Before his senior season in 2007, Salem was named to the Brooks Wallace Award and Dick Howser Trophy watch list. He was also named a pre-season All-American by the College Baseball Foundation, Rivals.com and the National Collegiate Baseball Writers Association. On his academic success, Salem commented, "I really do take pride in my grades...When a lot of guys go out, I'm in the library studying. So, I definitely make the sacrifices." On his 22^{nd} birth day, Salem hit two home runs in his first two at-bats in a game against Georgia State University. In 2007, Salem was nominated by the University of Alabama for the H. Boyd McWhorter Scholar-Athlete Post-Graduate Scholarship and received the Algernon Sydney Sullivan Award, the highest honor offered by the University of Alabama. He graduated with a 3.85 final grade point average. He later won the H. Boyd McWhorter Scholar-Athlete Post-Graduate Scholarship, which was awarded to him at the annual SEC spring meeting in Destin, Florida, on May 31, 2007. On April 17, 2007, it was announced that Salem, along with 30 other college baseball players, were finalists for the Lowe's Senior CLASS Award. Salem was named to the ESPN the Magazine's First-Team Academic All-American Team, making it his second consecutive season to receive that honor. Salem won the inaugural Lowe's Senior CLASS Award after beating out 29 other finalists. Salem was named to the National Collegiate Baseball Writers Association All-American Team after the 2007 season. On the 2007 season, his final at Alabama, Salem batted .351 with 61 runs, 81 hits, seven doubles, three triples, seven home runs, 32 RBIs, and 23 stolen bases in 57 games.

==Professional career==
The Tampa Bay Devil Rays (now known as the Tampa Bay Rays) drafted Salem in the 6th round of the 2007 Major League Baseball draft. Salem began his professional career with the Class-A Short-Season Hudson Valley Renegades. With the Renegades, he batted .311 with 41 runs, 70 hits, 11 doubles, seven triples, one home run, 23 runs batted in (RBIs) and 28 stolen bases in 58 games. Salem was tied for second in the New York – Penn League in triples and was third in stolen bases.

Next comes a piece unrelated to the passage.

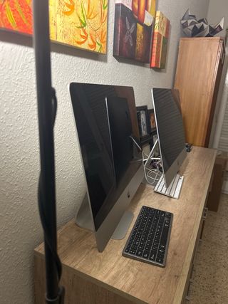 iMac en muy buen estado y funciona perfectamente. Tiene instalado macOS Ventura y va fluido para tareas diarias como estudiar, trabajar, navegar por internet, ver series o usar programas de oficina. Pantalla grande y de gran calidad, ideal para trabajar cómodamente o para uso en casa. El ordenador está bien cuidado y siempre se ha utilizado en escritorio. Incluye el iMac y cable de alimentación. Lo vendo porque no lo uso y me ocupa mucho espacio. Precio negociable.
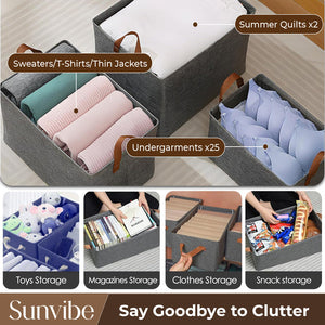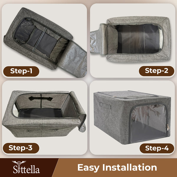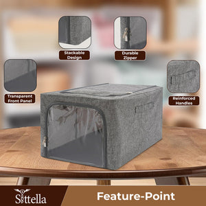 Premium Foldable Storage Box with Double Side Zipper – Closet Organizer for Clothes & More (Grey)

He was selected to the New York – Penn League Post-Season All-Star team after the season. In 2008, Salem spent the entire season with the Class-A Columbus Catfish. During the month of April, the Tampa Bay Rays named Salem the Player of the Month in their minor league organization. On May 16, 2008, Salem was placed on the disabled list after he broke his elbow from sliding head-first into second base. His injury was season ending and he spent the rest of the season rehabbing at Naimoli Complex in St. Petersburg, Florida. In 38 games, Salem batted .301 with 24 runs, 26 hits, four doubles, three triples, seven RBIs, and 25 stolen bases. Salem began the 2009 season with the Class-A Advanced Charlotte Stone Crabs. On the season, Salem batted .255 with 54 runs, 91 hits, 12 doubles, seven triples, 22 RBIs, and 24 stolen bases in 99 games. He led the team in triples. Salem played the 2010 season with the Double-A Montgomery Biscuits and also spent time with the Triple-A Durham Bulls that same season. In 2010, he batted .260 with 24 doubles, 4 home runs, 23 stolen bases and was named a Southern League mid-season All-Star. Salem missed the entire 2011 season due to a knee injury. He was released by the Tampa Bay Rays in June 2012.

==Other activities==
Salem led the Pinnacle Baseball Camp, a camp for baseball players in grades kindergarten to eighth grade. Along with Salem, other professional players instructed the camp including second baseman Matt Downs and shortstop Greg Paiml.

==Personal==
Salem's father, Emeel Salem, Sr., was drafted by the Chicago Cubs out of high school but chose to attend the University of South Alabama where he played baseball under coach Eddie Stanky. Salem is a concert pianist and speaks several different languages. Salem is also related to football players Ed Salem, George Salem, Sr., George Salem, Jr. and Jimbo Salem.